Figure 3. Actual survival curves: low-risk vs. high-risk groups by the GBM model. Graph depicting actual survival curves of the group whose survival was predicted by the GBM model.
External Validation on In-House Dataset of PNUYH
To evaluate the generalizability of our model, we conducted an external validation using data from Pusan National University Yangsan Hospital (PNUYH) (Table 5). The model was developed using all 29,364 samples included in this study and subsequently validated on the in-house dataset of PNUYH. Between January 2012 and March 2024, a total of 228 adult patients (aged ≥18 years) underwent lung transplantation at PNUYH. After excluding 12 patients who underwent retransplantation, 216 patients were included in the external validation cohort. Among them, 70 (32.4%) died within 1 year of transplantation. Key preoperative characteristics of these patients are summarized in Supplementary Table S1. Notably, the mortality group had a significantly higher BMI compared to the survival group (23.2 vs. 21.3, p = 0.001). Serum albumin levels were lower in the mortality group (2.5 vs. 3.7, p < 0.001), and steroid use was more frequent (47.1% vs. 24.0%, p = 0.001). Additionally, a history of lung surgery prior to transplantation was more common in the mortality group (5.7% vs. 0.7%, p = 0.021).
Table 5. Results of External Validation for 1-Year Mortality Prediction Model After Lung Transplantation Using 10 Features on in-house dataset of PNUYH.
The PNUYH dataset used for external validation had a significantly different distribution compared to the ISHLT dataset used for training (Supplementary Table S2), with all 10 model variables showing statistically significant differences between the two cohorts. Despite these differences, the GBM, which had the highest performance in the ISHLT dataset, demonstrated excellent external validation results (AUC: 0.852, accuracy: 0.764). Among all tested models, the highest AUC was observed for the SVM model (0.936). However, when considering both AUC and accuracy, the best-performing model was the MLP, a deep learning-based approach. The MLP achieved an AUC of 0.911 and an accuracy of 0.870, consistently outperforming other models across all evaluation metrics. Given the substantial distributional differences between the ISHLT and PNUYH datasets, the MLP model’s strong generalization performance underscores its robustness. These findings highlight the model’s ability to maintain high predictive performance in an external population, supporting its potential clinical utility in lung transplant candidate selection.
Discussion
In this study, we developed and validated a deep learning-based model to predict 1-year survival following lung transplantation using a large, multicenter, international dataset.
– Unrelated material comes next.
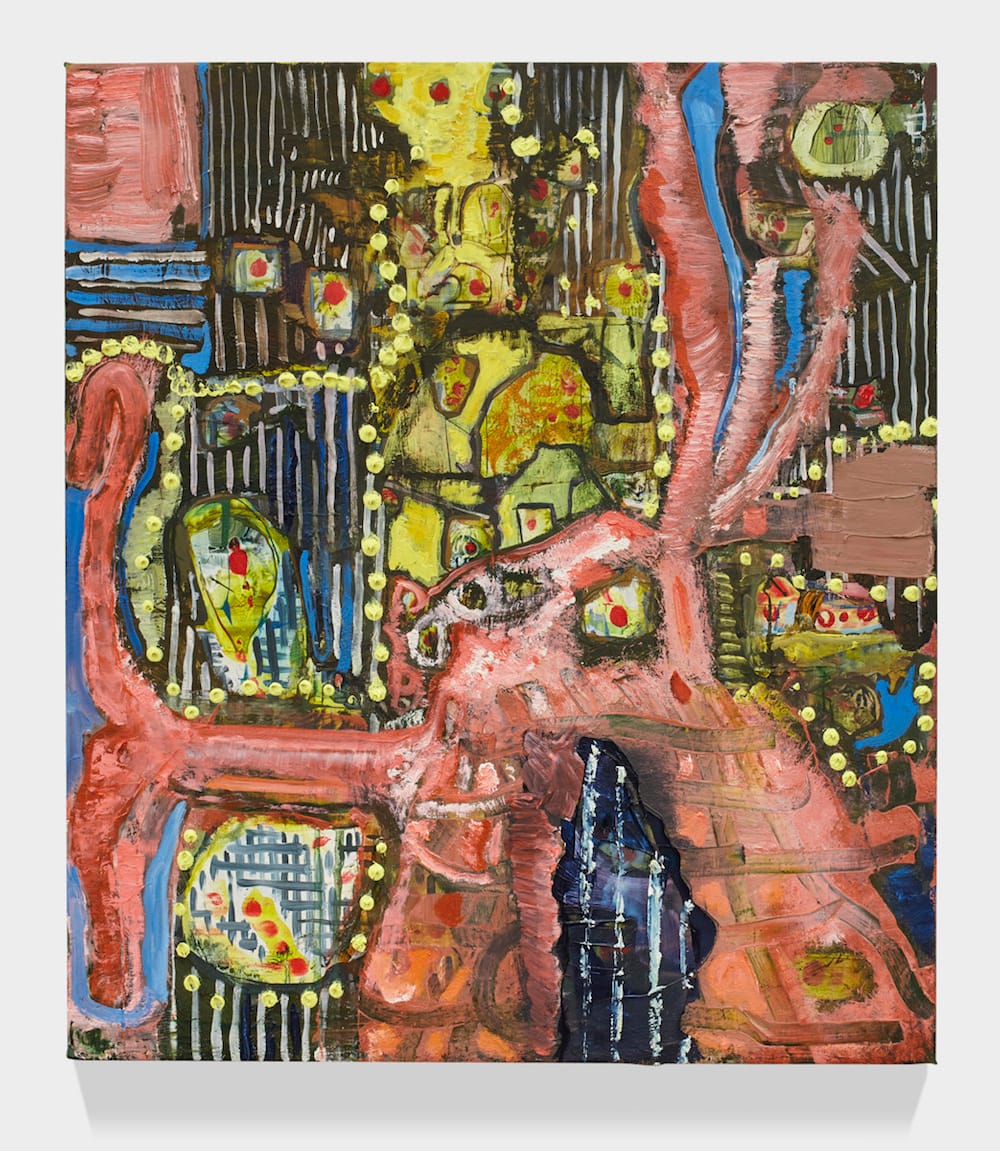 On a formal level, “Quantum Goat” is an argument between a figure-ground configuration and an all-over field of colored dots, as well as a melding together of the two into a buzz at once optical and visceral. But “Quantum Goat” is much more than that. There is the dialogue between the slowly painted figural form and the abstraction of the quickly applied dots, between deliberation and impulsiveness. Is the form being attacked by a swarm of midges in the guise of paint? Or are they eruptions – signs of internal disorder – bursting from the painting’s surface? If the figurative form and the all-over field feel like historical choices, DiBenedetto’s fusion of them feels fresh and unexpected, even startling.

Our model demonstrated strong predictive performance, effectively identifying key determinants of post-transplant survival. By leveraging GBM techniques, we constructed a highly accurate and robust prediction model. Notably, a simplified version of our model, incorporating only the 10 most influential predictors, achieved performance comparable to that of more complex models utilizing 25 variables. Furthermore, the model’s generalizability was confirmed through external validation using the in-house dataset from PNUYH. The GBM model achieved an AUC of 0.852 and an accuracy of 0.764, and the MLP model demonstrated superior performance, achieving an AUC of 0.911 and accuracy of 0.870. These findings underscore the potential clinical applicability of our model in improving risk stratification and decision-making for lung transplant recipients.
The 10 predictors identified in this study were critical in assessing the potential benefit of lung transplantation. Among these, age, BMI, creatinine levels, total bilirubin levels, and mean pulmonary artery pressure have been well-established as critical indicators for assessing patient urgency and potential benefit in previous Lung Allocation Scores (LAS) [22] and the current Composite Allocation Score (CAS) [23]. Factors such as albumin levels, chronic steroid use, and prior lung surgery, newly highlighted in our study, further emphasize their potential to refine patient assessments and improve prediction accuracy. Albumin is traditionally a marker of nutritional status and inflammation, with lower levels associated with poorer post-transplant outcomes in previous studies [24]. This underscores the importance of evaluating nutritional and inflammatory status during pretransplant assessments. Chronic steroid use, identified in earlier studies, increases post-transplant morbidity and mortality [25], with some suggesting that long-term steroid use may be a contraindication for surgery [26]. Long-term steroid usage increases the risk of infection, poor wound healing, and other complications, all of which may be important predictors of transplant outcomes. Furthermore, prior major lung resection has been recognized as a significant risk factor for increased perioperative mortality and complications such as the need for dialysis [27]. This increased risk can be attributed to factors such as altered anatomy, potential for adhesions, and bleeding, all of which complicate the transplant procedure. These findings highlight the importance of thorough preoperative assessment in patients with a history of major lung resection.
Traditionally, prognosis following lung transplantation has been significantly influenced by the underlying primary disease necessitating the transplant. Different lung diseases impact post-transplant outcomes due to their distinct pathophysiology, patient demographics, and associated comorbidities. For example, patients with cystic fibrosis (CF) generally exhibit better post-transplant survival rates compared to those with idiopathic pulmonary fibrosis or chronic obstructive pulmonary disease [8]. In that regard, patient diagnosis plays an important role in both LAS and CAS, and several studies have incorporated diagnoses into prediction models. In our study, only cystic fibrosis was included as a predictor, but it had the lowest importance in the model (Figure 2B). Additionally, no patients with cystic fibrosis were included in the PNUYH in-house dataset used for external validation. Nevertheless, our model demonstrated excellent predictive performance, suggesting that preoperative conditions, such as organ function, nutritional status, and preoperative hospitalization, may be more critical prognostic indicators than the underlying disease itself. Thus, general aspects of patient health prior to transplantation could be more important than the specific underlying disease in pretransplant management.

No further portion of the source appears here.